(Items from a data source)
^^^^^^^^^^^^^^^^

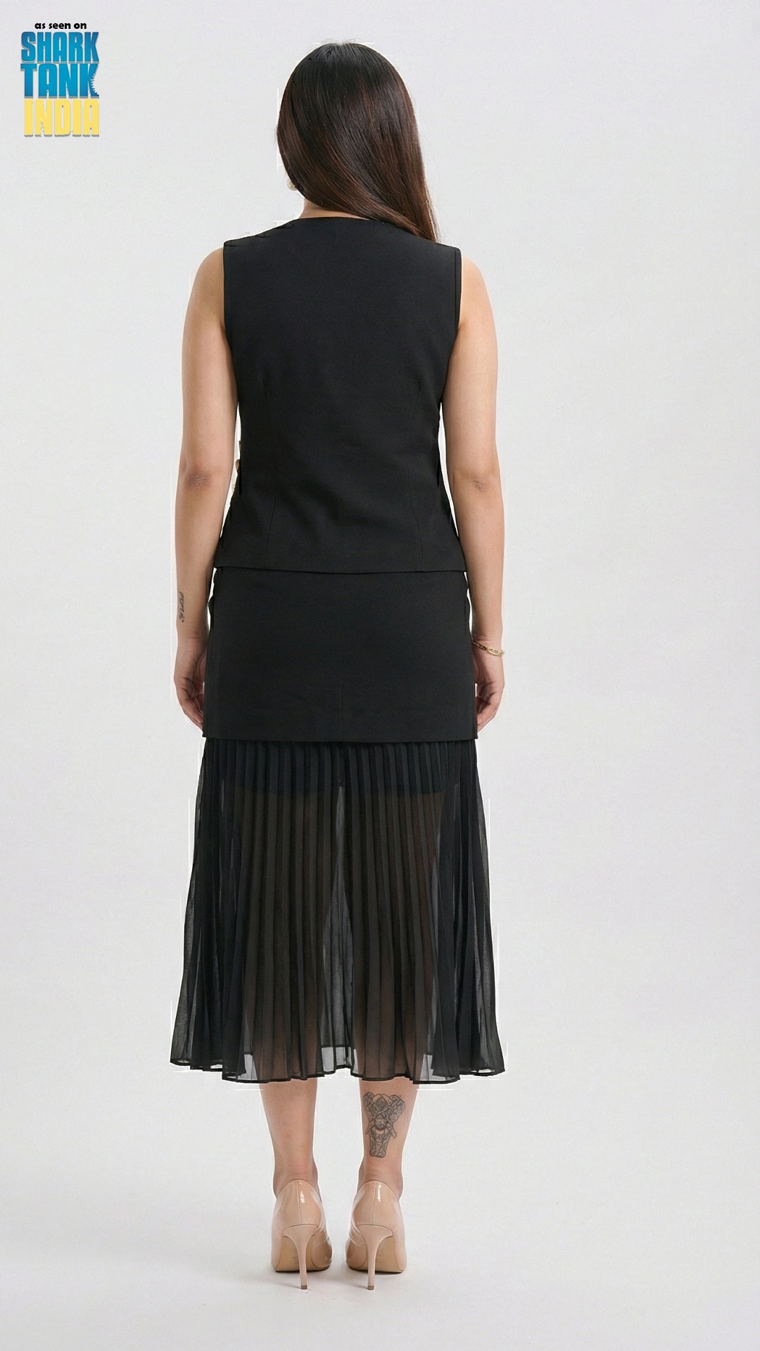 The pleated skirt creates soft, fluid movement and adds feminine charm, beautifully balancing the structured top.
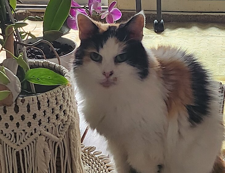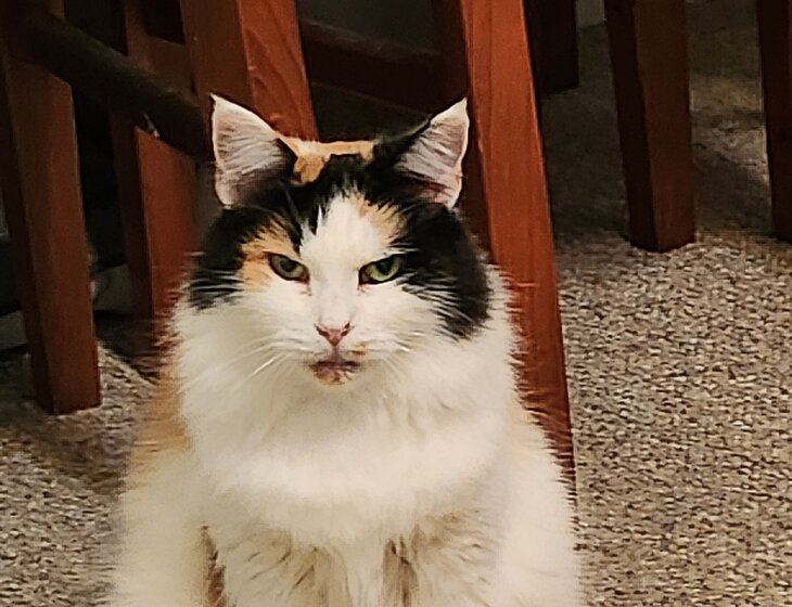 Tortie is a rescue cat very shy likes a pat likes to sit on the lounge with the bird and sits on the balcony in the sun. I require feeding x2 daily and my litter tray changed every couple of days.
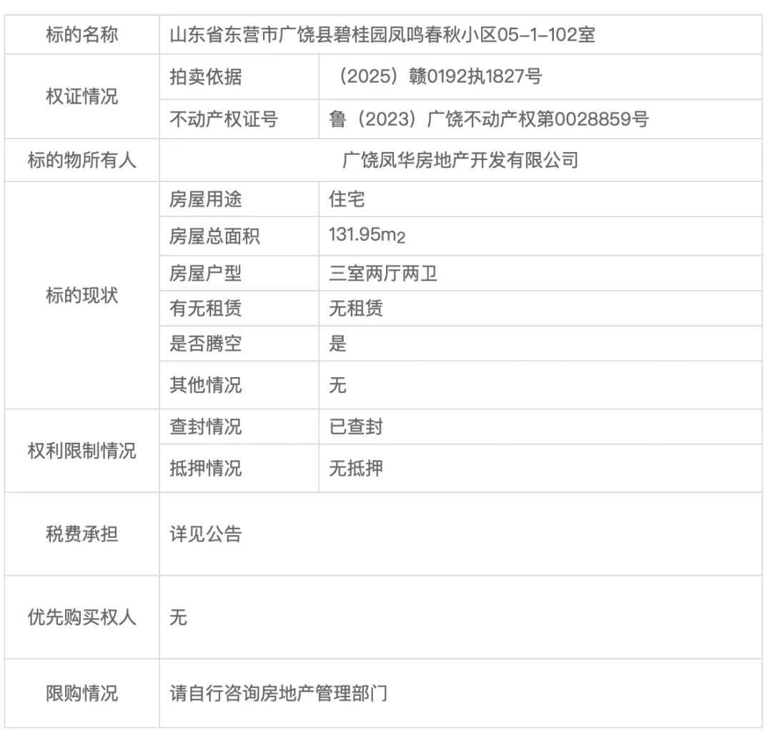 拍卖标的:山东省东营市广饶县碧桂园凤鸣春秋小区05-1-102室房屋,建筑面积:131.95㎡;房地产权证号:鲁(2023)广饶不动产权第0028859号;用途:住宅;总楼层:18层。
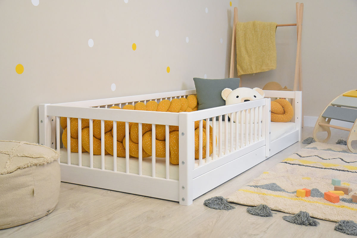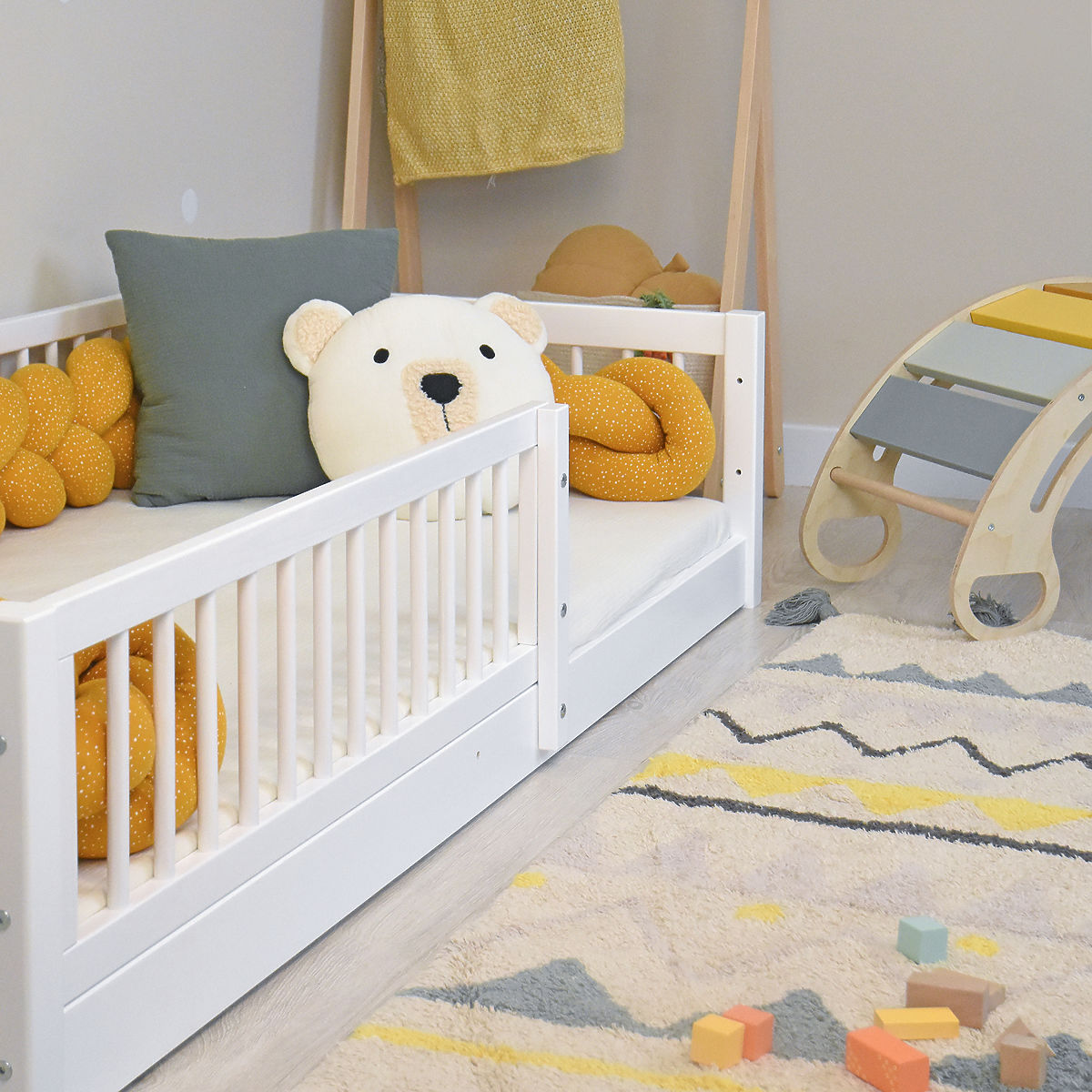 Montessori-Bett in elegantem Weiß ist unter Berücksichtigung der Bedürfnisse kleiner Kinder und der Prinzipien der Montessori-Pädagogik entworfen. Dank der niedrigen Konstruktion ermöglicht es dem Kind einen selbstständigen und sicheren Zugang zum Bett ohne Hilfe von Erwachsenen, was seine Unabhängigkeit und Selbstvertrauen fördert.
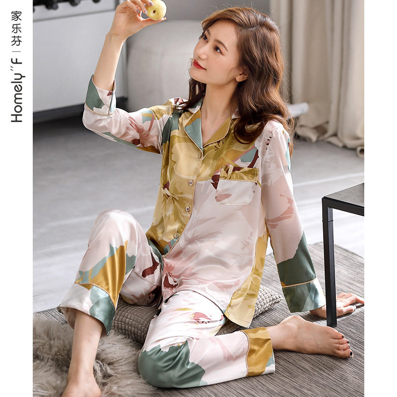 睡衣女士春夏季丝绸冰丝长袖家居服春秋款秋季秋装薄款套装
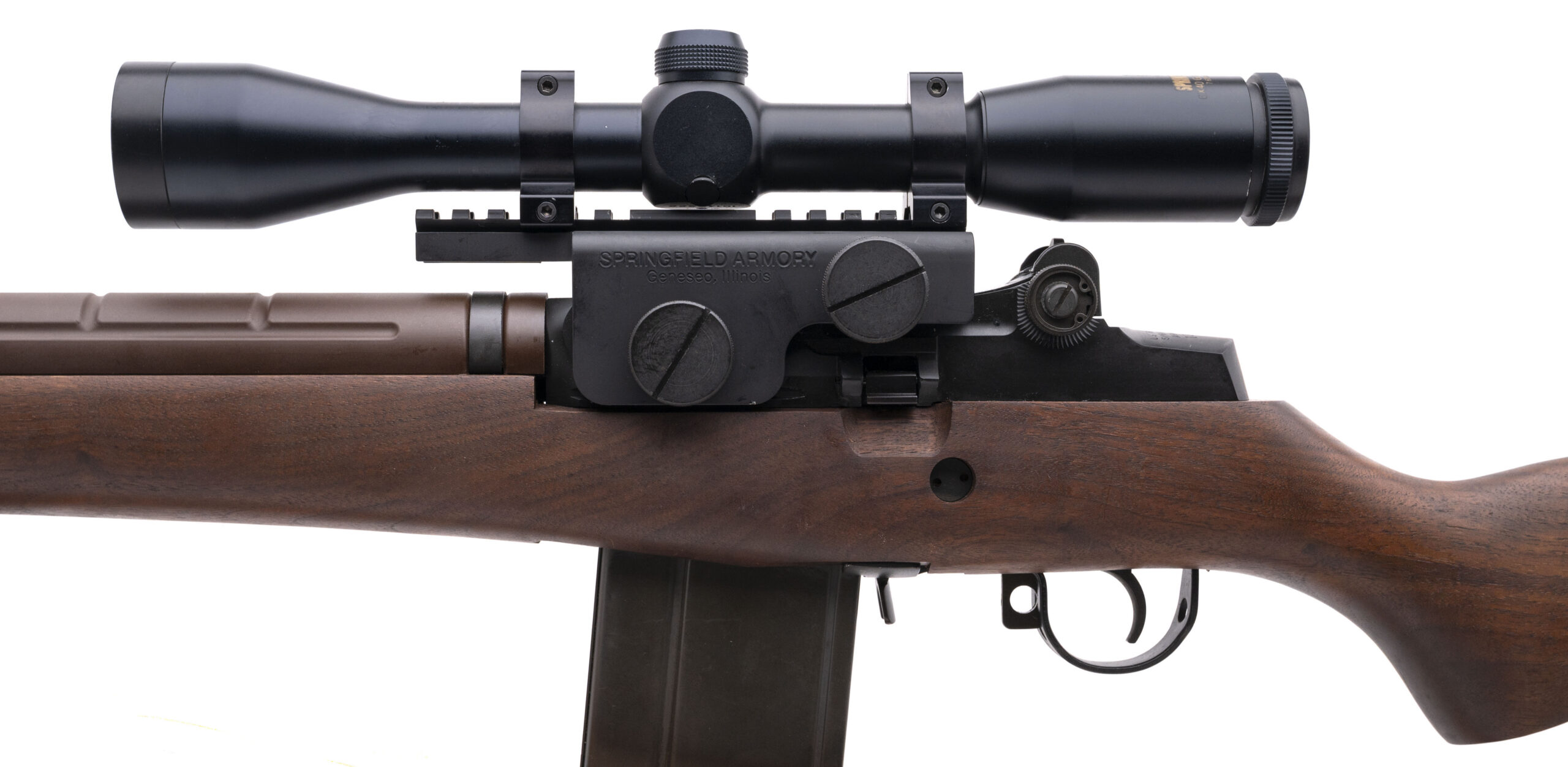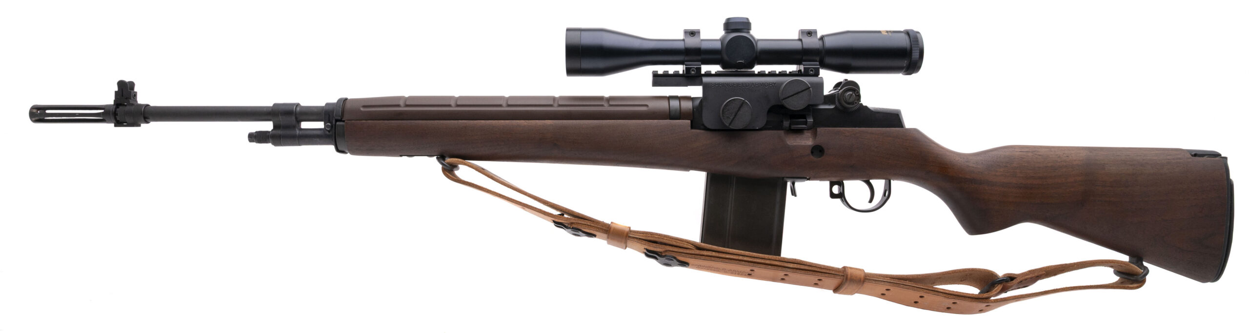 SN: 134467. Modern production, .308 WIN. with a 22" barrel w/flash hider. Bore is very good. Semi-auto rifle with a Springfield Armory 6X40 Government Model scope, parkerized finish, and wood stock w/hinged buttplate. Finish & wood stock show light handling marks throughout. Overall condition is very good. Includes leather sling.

^^^^^^^^^^^^^^^^

The copy must match every line of the data exactly and contain no pictures.

 The pleated skirt creates soft, fluid movement and adds feminine charm, beautifully balancing the structured top.
 Tortie is a rescue cat very shy likes a pat likes to sit on the lounge with the bird and sits on the balcony in the sun. I require feeding x2 daily and my litter tray changed every couple of days.
 拍卖标的:山东省东营市广饶县碧桂园凤鸣春秋小区05-1-102室房屋,建筑面积:131.95㎡;房地产权证号:鲁(2023)广饶不动产权第0028859号;用途:住宅;总楼层:18层。
 Montessori-Bett in elegantem Weiß ist unter Berücksichtigung der Bedürfnisse kleiner Kinder und der Prinzipien der Montessori-Pädagogik entworfen. Dank der niedrigen Konstruktion ermöglicht es dem Kind einen selbstständigen und sicheren Zugang zum Bett ohne Hilfe von Erwachsenen, was seine Unabhängigkeit und Selbstvertrauen fördert.
 睡衣女士春夏季丝绸冰丝长袖家居服春秋款秋季秋装薄款套装
 SN: 134467. Modern production, .308 WIN. with a 22" barrel w/flash hider. Bore is very good. Semi-auto rifle with a Springfield Armory 6X40 Government Model scope, parkerized finish, and wood stock w/hinged buttplate. Finish & wood stock show light handling marks throughout. Overall condition is very good. Includes leather sling.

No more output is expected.